1 Synesis: Structuring Knowledge for Data-Driven Decisions
Guide for decision makers and knowledge professionals
1.1 The challenge of the data era
We live in an era characterized by the acronym VUCA: Volatility, Uncertainty, Complexity, and Ambiguity. In this context, making efficient decisions requires more than intuition — it demands the ability to integrate and analyze multiple data sources, identifying not just correlations, but cause-and-effect relationships between observed phenomena.
As highlighted in recent research on Causal Knowledge Graphs, simple correlation between data can lead to wrong conclusions. The classic example: there is statistical correlation between chocolate consumption and number of Nobel Prize winners in different countries — but it would be absurd to conclude that distributing chocolate will increase an organization’s scientific output.
The real challenge lies in capturing causal relationships, not just superficial correlations.
1.2 Where does Synesis language fit in?
Synesis is a structured language for systematic capture of causal knowledge from documentary sources and qualitative observations.

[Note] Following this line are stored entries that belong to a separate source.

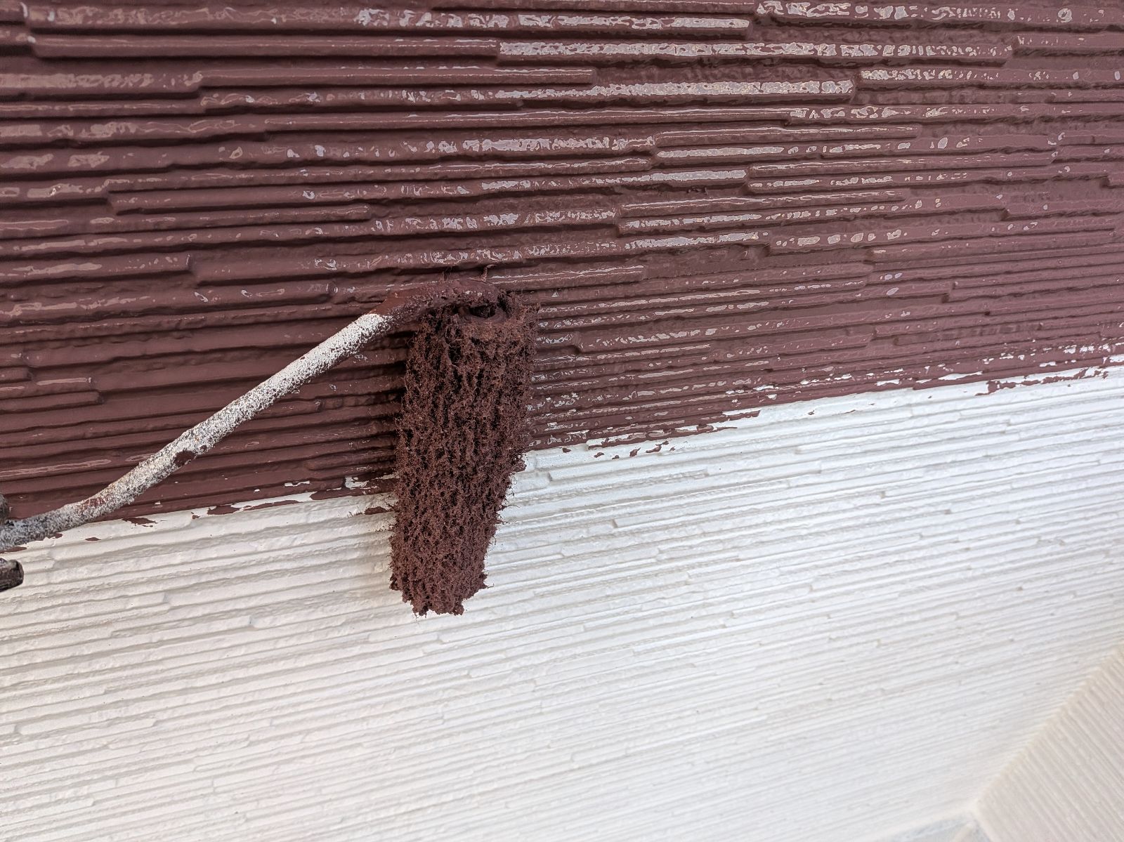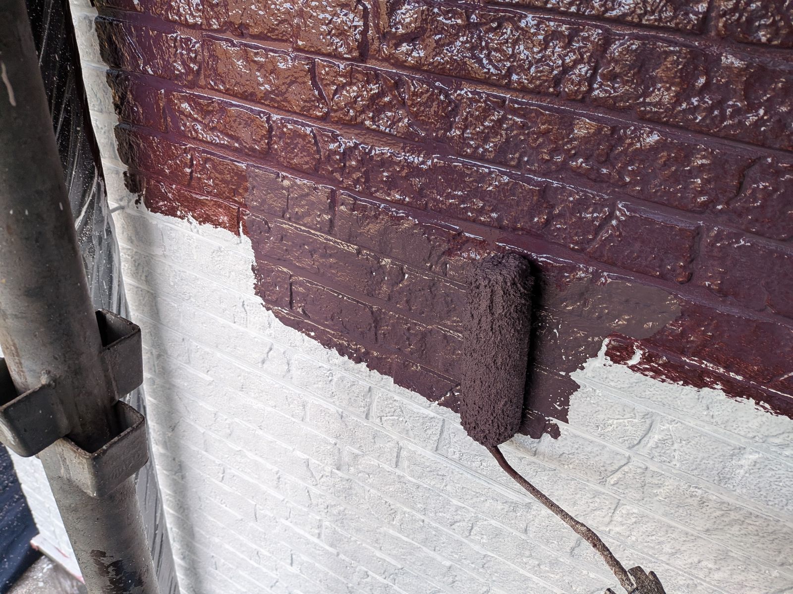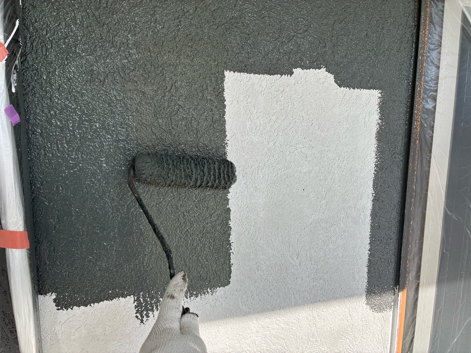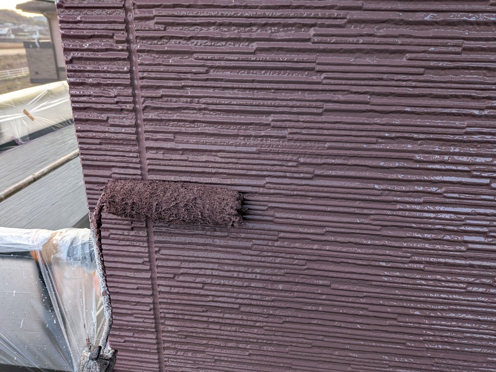 外壁塗装作業 上塗り1回目の様子です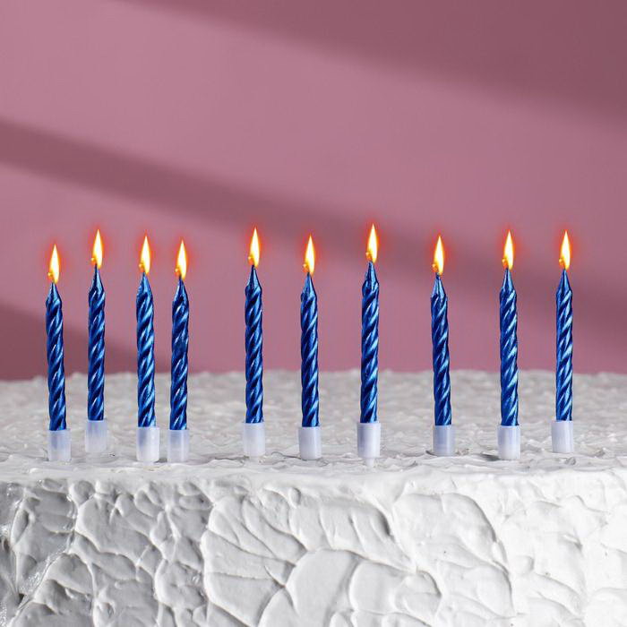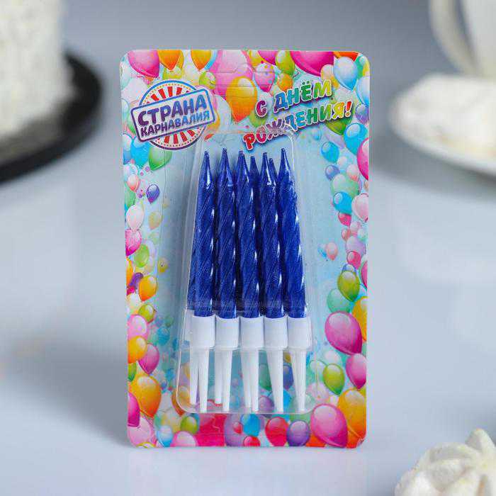 Свечи для торта 7см "Металлик" синие с подставками (упаковка 10 шт.)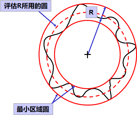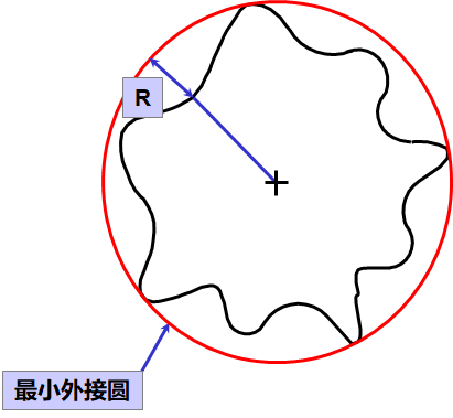 ? *小外接(MC)參考圓圓度值 (RONt) = R![]() 這也被稱為環規基準圓,是完全包圍輪廓線的*小圓。 圓度值(RONt)被量化為與*小外接圓的*大半徑偏差量。 同樣,*小外接圓的中心確定之后,圓度值的計算也是采用峰谷的半徑差值。 應當指出,將MI(*大內切圓)和MC(*小外接圓)疊加起來并不構成*小區域參考圓,因為它們的中心往往不是同心的。 ![]() |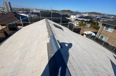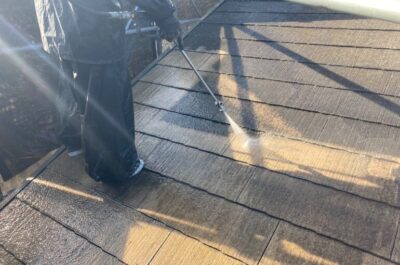 屋根は家の中でも特に劣化がひどく、高圧洗浄を行うと、素地や旧塗膜が剥がれ、白くなります。
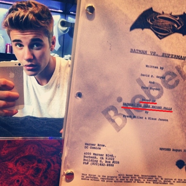 На обложке сценария написано: Based on Frank Miller's The Dark Knight Falls. Те, кто читали комиксы про Бэтмена, знают, что в данном четырёхсерийном комиксе, Робин - это тринадцатилетняя девочка Кэрри. Если это правда, то Бибер наконец-то сыграет самого себя.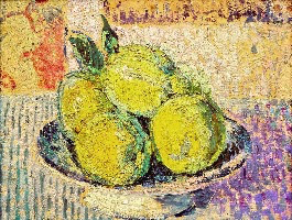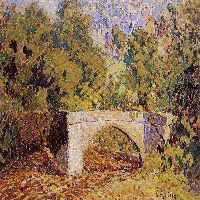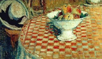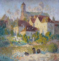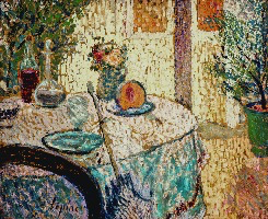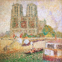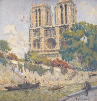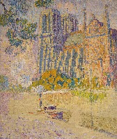 Le vert dans l’ombre de la nappe rouge, ou le mauve mêlé au sable de l’allée nous montre que le jeu des complémentaires apporte par ailleurs pour notre plaisir sensoriel un irrespect tranquille du réalisme des couleurs. La Notre-Dame qui fait vibrer la même palette transfigure la géométrie de son architecture et nous transporte dans un éblouissement similaire.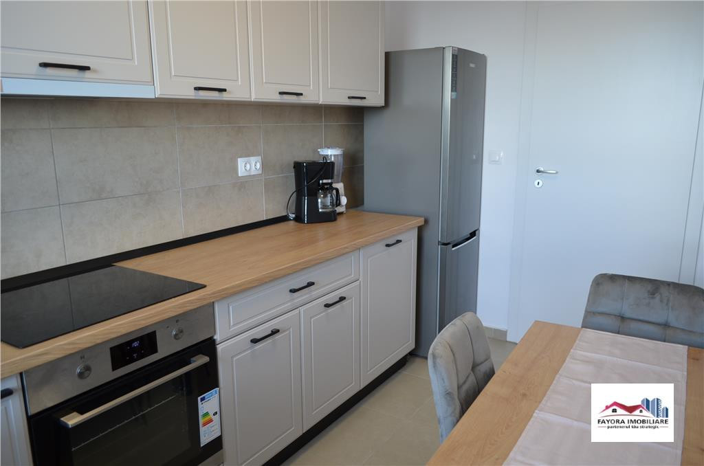 Ap. 2 Camere Mobilat si Utilat cu Parcare Privata de Inchiriat Maurer Fayora Imobiliare va ofera spre inchiriere un apartament nou, cu doua camere, complet mobilat si utilat modern, avand suprafata de aproximativ 60 mp utili. Imobilul este total decomandat si este compus din: un living spatios, un dormitor, o bucatarie, o baie, doua holuri si un balcon generos cu acces atat din living cat si dormitor. Apartamentul este dotat cu: aer conditionat, centrala termica, geamuri termopan, parchet, gresie, faianta si este utilat cu: frigider, plita si cuptor incorporate, hota, masina de spalat rufe, televizor. Imobilului ii apartine o boxa si un loc de parcare privat. In apropiere se afla magazine, statie de autobuz, piata, restaurante, scoala, clinici medicale, etc. Pretul de inchiriere lunar, cu parcare privata inclusa, este de 450 euro. Contactandu-ne pe noi, daca sunteti clienti cumparatori beneficiati de servicii de consultanta gratuita si nu vi se va percepe comision. Suntem pregatiti si hotarati sa va oferim cele mai bune solutii in domeniul imobiliar, fie ca este vorba de cele mai competitive preturi, oferte personalizate conform cerintelor dvs. sau de asistenta pe intreaga durata a efectuarii tranzactiei. Cu responsabilitate, echipa Fayora Imobiliare face ca lucrurile sa se concretizeze, face ca oamenii sa isi indeplineasca visurile.

While automated systems like statistical causal discovery work with numerical data, much of organizational knowledge is dispersed in:
- Reports and technical documents
- Interviews and qualitative surveys
- Specialized literature and manuals
- Incident records and lessons learned
- Engagement and organizational climate surveys
Synesis offers a standardized way to extract, document, and structure causal relationships from these textual sources, making them processable and integrable with other analysis systems.
1.3 The problem Synesis solves
1.3.1 Limitation 1: Qualitative knowledge is not quantifiable
When a causal relationship is extracted from a document (for example: “lack of training causes operational errors”), it is purely qualitative. There’s no way to predict the probability or magnitude of the effect.
How Synesis contributes: By systematically structuring these relationships, they can later be integrated with numerical data to quantify causal effects.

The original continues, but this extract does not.